After locating the line that contains "Left to right", give that line and all the rest through the end of the entries again exactly, leaving the pictures out.

-- Records provided --
══════════════════════════════

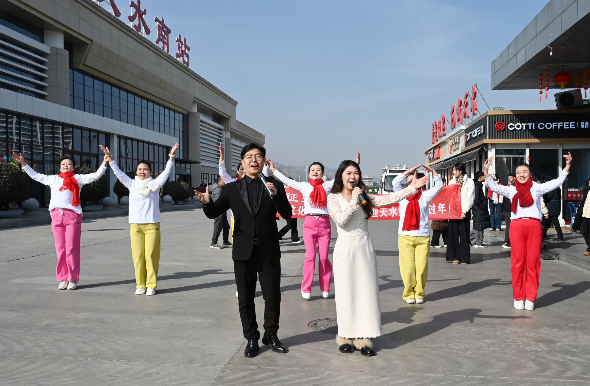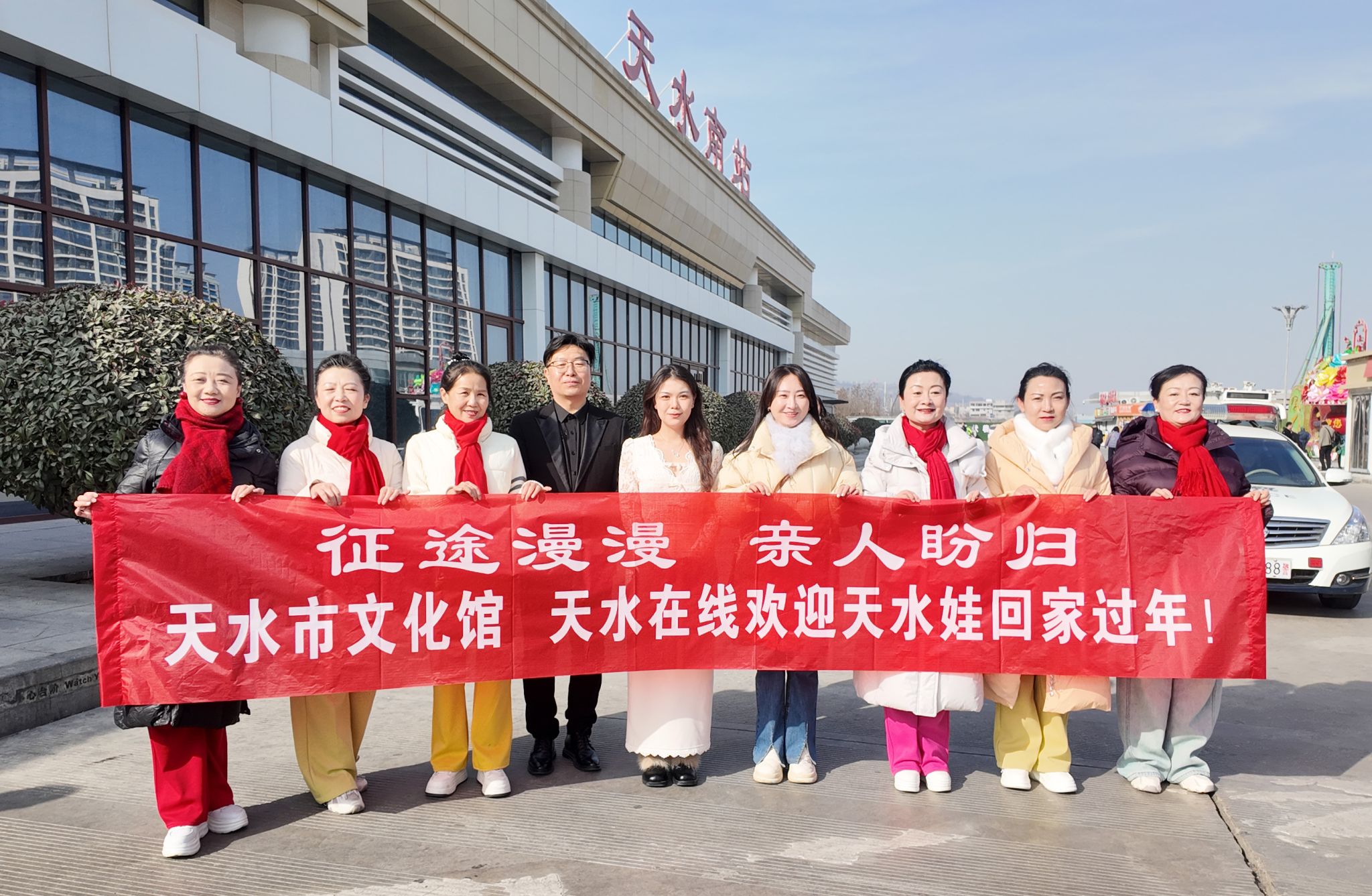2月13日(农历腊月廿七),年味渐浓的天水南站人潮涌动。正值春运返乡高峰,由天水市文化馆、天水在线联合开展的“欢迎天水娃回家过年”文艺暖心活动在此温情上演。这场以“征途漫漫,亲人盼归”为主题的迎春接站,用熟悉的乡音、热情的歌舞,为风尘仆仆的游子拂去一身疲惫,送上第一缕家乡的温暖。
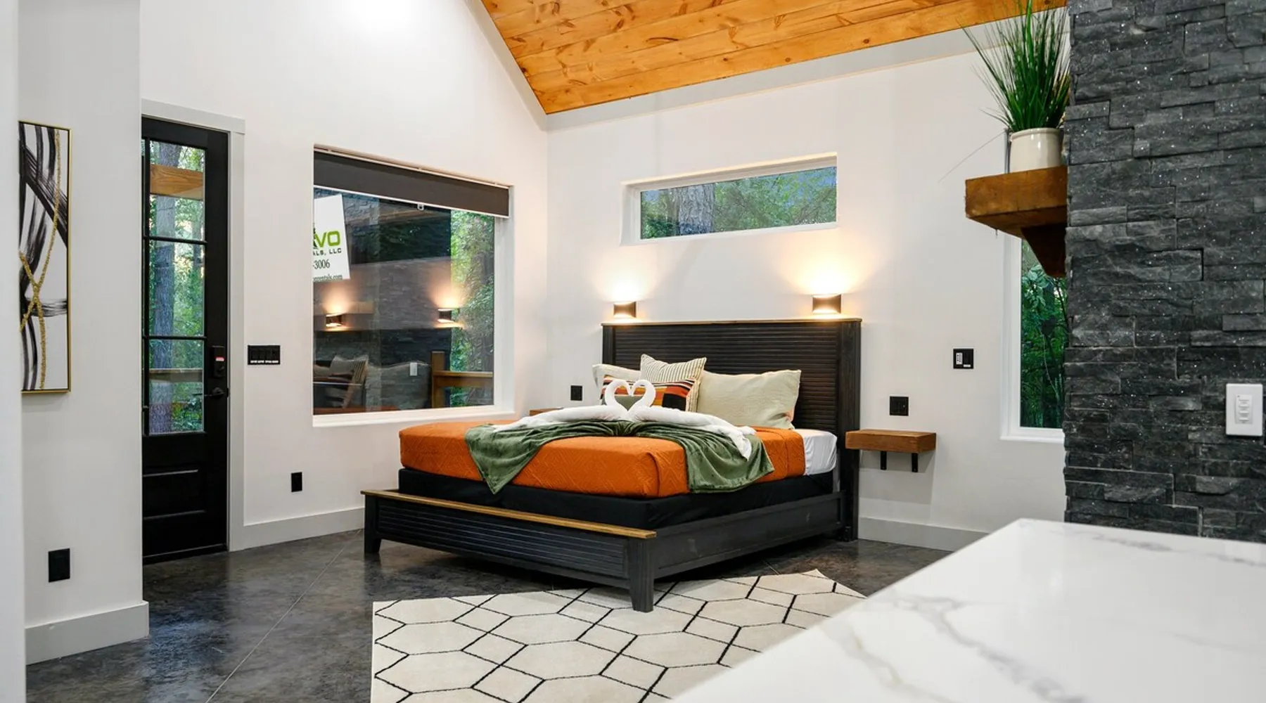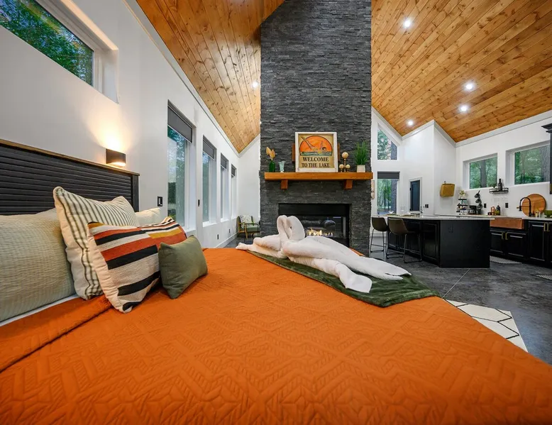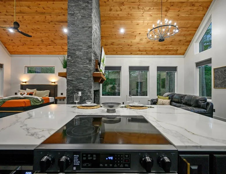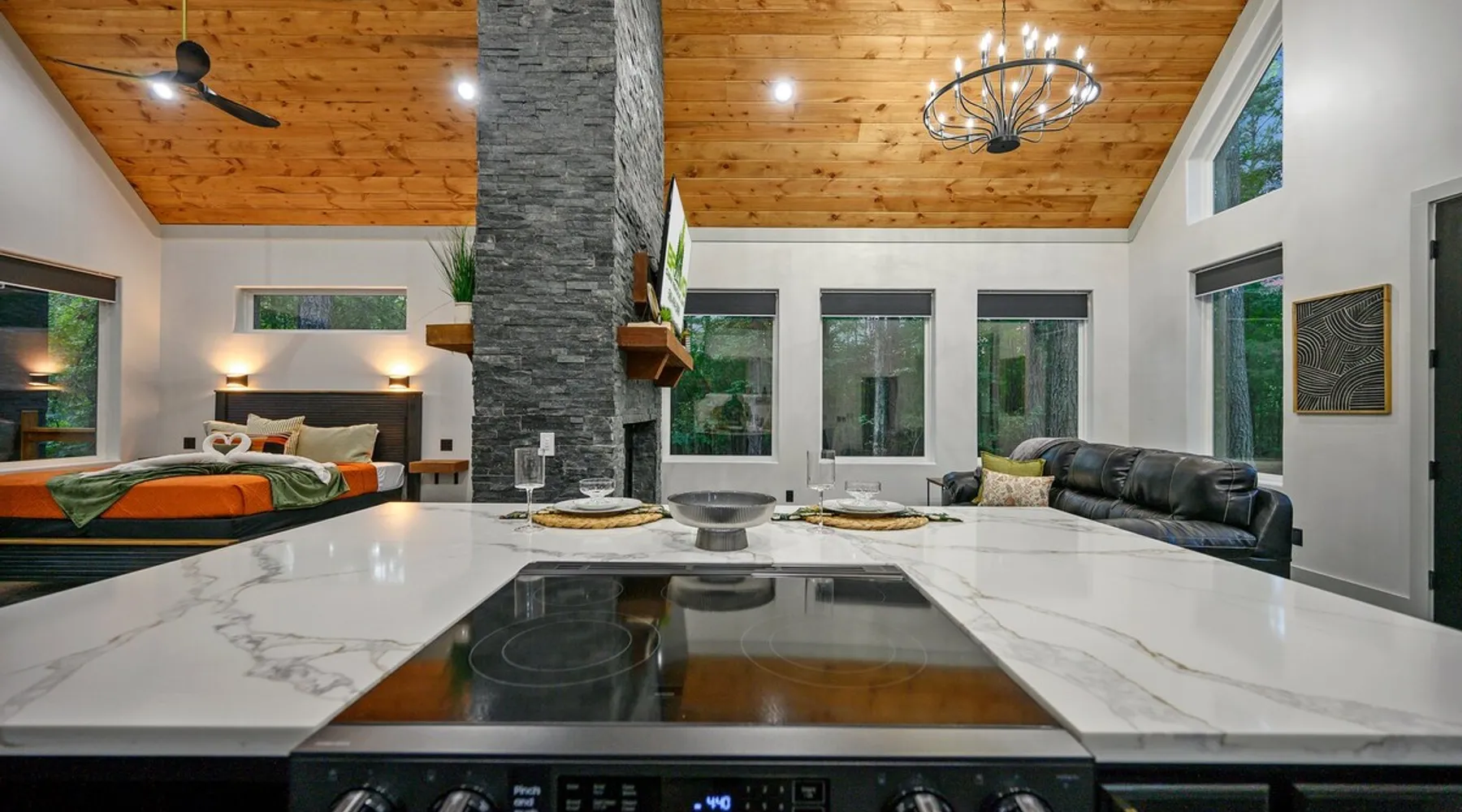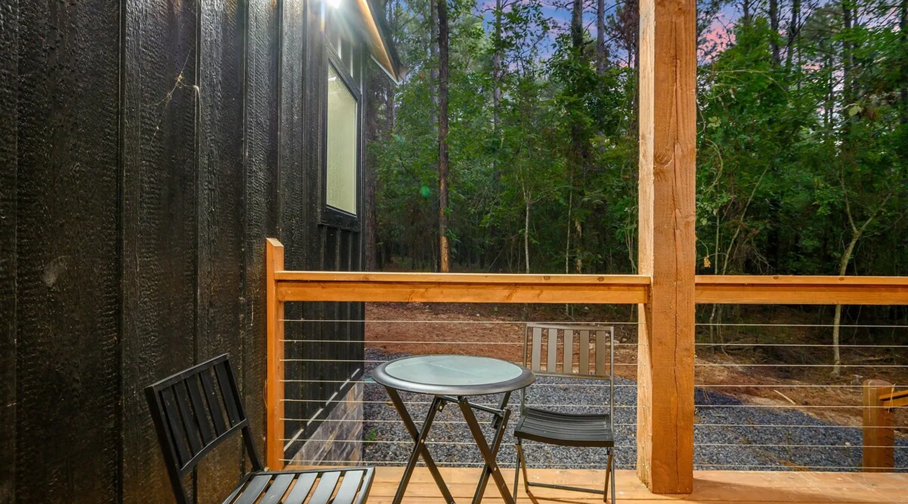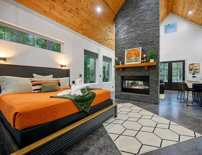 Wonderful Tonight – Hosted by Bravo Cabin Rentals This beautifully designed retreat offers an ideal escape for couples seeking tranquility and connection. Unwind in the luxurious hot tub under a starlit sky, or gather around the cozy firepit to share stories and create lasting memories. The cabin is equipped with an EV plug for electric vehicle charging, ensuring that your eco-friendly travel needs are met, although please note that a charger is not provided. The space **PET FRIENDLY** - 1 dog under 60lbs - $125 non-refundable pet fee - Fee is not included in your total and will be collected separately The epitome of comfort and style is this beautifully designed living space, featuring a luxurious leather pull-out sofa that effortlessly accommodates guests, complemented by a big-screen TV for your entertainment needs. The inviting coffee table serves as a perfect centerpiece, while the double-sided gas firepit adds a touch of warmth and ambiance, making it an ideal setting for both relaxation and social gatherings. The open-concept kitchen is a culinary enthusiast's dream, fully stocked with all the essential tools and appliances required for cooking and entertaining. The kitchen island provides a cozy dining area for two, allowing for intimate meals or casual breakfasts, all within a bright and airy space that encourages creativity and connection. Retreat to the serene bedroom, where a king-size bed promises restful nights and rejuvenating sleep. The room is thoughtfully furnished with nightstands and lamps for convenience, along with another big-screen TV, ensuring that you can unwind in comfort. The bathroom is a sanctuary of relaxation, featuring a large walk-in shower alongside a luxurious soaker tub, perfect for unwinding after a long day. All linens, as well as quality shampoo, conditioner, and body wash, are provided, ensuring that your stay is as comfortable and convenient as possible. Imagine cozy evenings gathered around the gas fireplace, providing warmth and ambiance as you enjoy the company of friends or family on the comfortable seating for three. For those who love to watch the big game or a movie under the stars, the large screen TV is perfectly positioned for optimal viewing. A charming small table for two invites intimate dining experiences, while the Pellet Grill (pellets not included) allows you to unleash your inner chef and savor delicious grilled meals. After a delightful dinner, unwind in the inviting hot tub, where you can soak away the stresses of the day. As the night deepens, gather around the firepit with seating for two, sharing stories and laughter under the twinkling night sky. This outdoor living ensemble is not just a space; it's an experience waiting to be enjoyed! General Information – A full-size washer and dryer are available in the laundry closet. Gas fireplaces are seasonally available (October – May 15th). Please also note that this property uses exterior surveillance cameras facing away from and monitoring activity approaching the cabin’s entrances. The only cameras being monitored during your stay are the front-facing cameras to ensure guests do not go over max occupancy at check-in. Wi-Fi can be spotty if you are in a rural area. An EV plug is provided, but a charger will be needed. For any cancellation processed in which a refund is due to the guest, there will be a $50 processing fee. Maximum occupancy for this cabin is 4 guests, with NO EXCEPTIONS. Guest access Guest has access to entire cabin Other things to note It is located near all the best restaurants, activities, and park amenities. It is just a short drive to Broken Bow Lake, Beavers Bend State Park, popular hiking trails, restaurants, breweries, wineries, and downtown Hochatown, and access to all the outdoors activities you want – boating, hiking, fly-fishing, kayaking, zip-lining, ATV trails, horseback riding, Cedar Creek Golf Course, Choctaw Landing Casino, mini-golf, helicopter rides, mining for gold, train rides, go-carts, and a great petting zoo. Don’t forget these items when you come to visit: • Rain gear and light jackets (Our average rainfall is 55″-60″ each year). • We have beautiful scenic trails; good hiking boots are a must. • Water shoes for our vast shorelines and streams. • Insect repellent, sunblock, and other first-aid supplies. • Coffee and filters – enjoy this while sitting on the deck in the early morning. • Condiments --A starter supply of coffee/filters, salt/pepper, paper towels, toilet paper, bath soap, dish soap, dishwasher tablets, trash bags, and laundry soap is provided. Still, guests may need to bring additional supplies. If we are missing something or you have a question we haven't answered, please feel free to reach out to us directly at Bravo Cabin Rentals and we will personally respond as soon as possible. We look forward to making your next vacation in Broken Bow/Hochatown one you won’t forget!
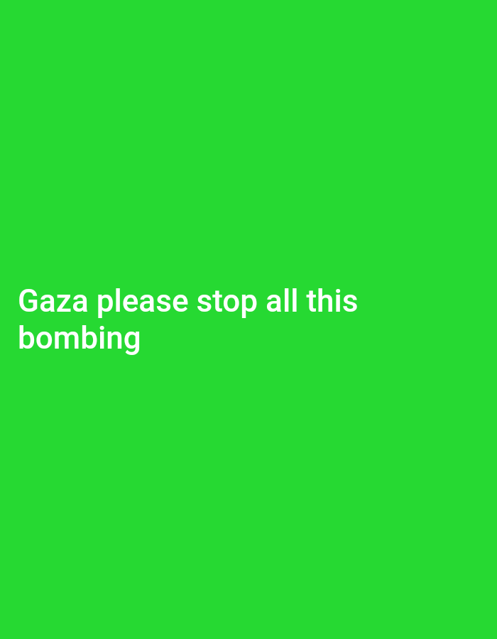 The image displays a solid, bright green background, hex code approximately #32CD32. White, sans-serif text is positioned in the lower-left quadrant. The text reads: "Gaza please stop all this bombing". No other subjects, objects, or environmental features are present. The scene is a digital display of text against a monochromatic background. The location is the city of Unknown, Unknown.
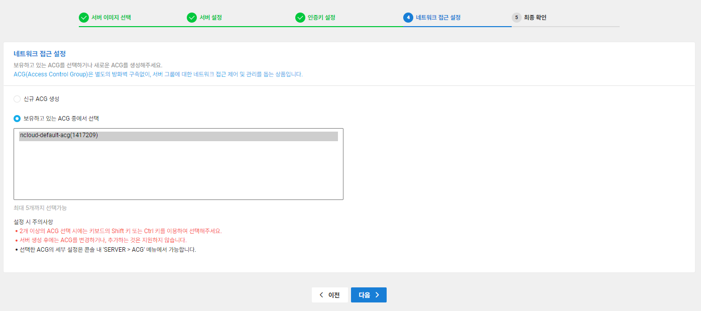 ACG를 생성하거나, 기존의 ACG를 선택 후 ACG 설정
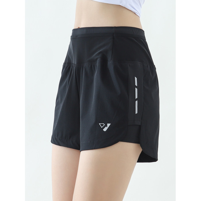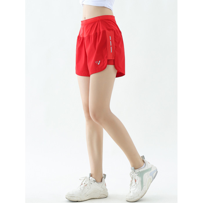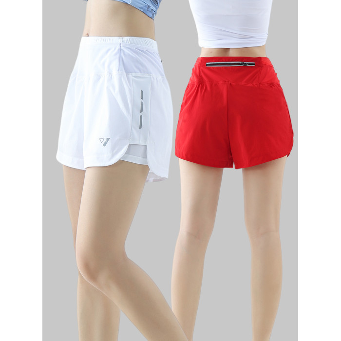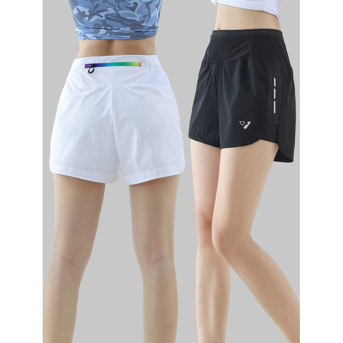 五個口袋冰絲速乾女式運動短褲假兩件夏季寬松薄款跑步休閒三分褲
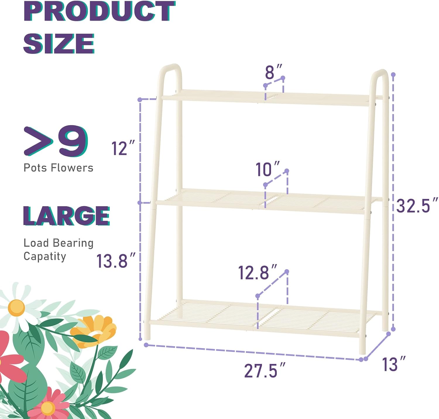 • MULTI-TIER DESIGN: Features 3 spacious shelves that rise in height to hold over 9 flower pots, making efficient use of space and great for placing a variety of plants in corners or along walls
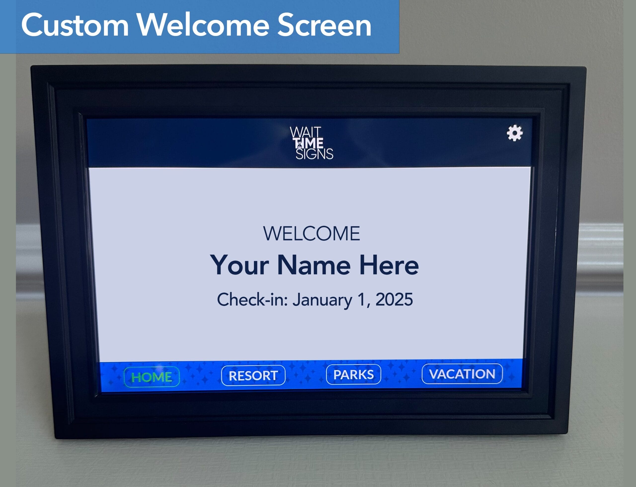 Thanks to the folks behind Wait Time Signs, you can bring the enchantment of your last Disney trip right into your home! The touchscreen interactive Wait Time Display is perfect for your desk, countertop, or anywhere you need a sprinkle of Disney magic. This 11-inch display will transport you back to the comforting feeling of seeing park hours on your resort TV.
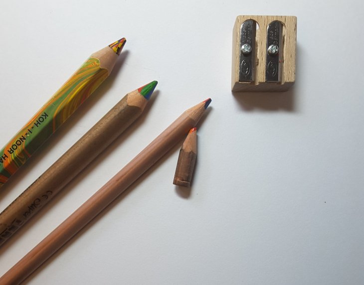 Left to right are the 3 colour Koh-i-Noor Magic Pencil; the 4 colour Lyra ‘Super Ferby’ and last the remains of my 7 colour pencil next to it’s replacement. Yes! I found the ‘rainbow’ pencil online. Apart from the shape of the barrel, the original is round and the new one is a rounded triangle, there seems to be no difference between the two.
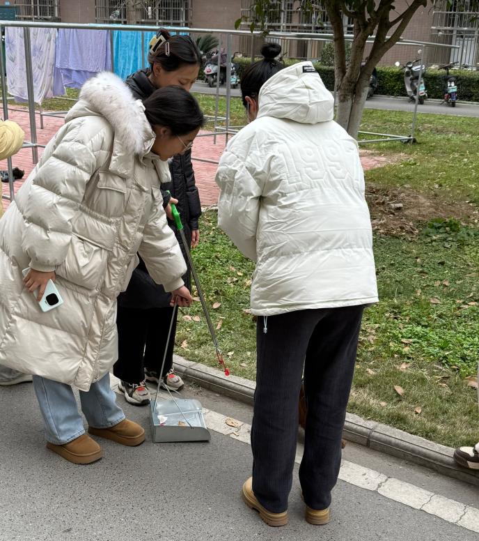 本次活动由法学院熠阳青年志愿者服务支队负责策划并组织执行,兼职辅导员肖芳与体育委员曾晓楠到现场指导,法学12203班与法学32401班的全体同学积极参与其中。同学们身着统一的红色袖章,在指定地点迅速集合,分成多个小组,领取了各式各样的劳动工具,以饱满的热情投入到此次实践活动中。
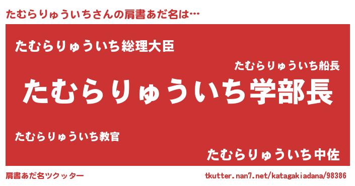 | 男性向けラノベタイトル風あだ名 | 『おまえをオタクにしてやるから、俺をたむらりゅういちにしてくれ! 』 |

══════════════════════════════

-- Solution for this exercise --
 Left to right are the 3 colour Koh-i-Noor Magic Pencil; the 4 colour Lyra ‘Super Ferby’ and last the remains of my 7 colour pencil next to it’s replacement. Yes! I found the ‘rainbow’ pencil online. Apart from the shape of the barrel, the original is round and the new one is a rounded triangle, there seems to be no difference between the two.
 本次活动由法学院熠阳青年志愿者服务支队负责策划并组织执行,兼职辅导员肖芳与体育委员曾晓楠到现场指导,法学12203班与法学32401班的全体同学积极参与其中。同学们身着统一的红色袖章,在指定地点迅速集合,分成多个小组,领取了各式各样的劳动工具,以饱满的热情投入到此次实践活动中。
 | 男性向けラノベタイトル風あだ名 | 『おまえをオタクにしてやるから、俺をたむらりゅういちにしてくれ! 』 |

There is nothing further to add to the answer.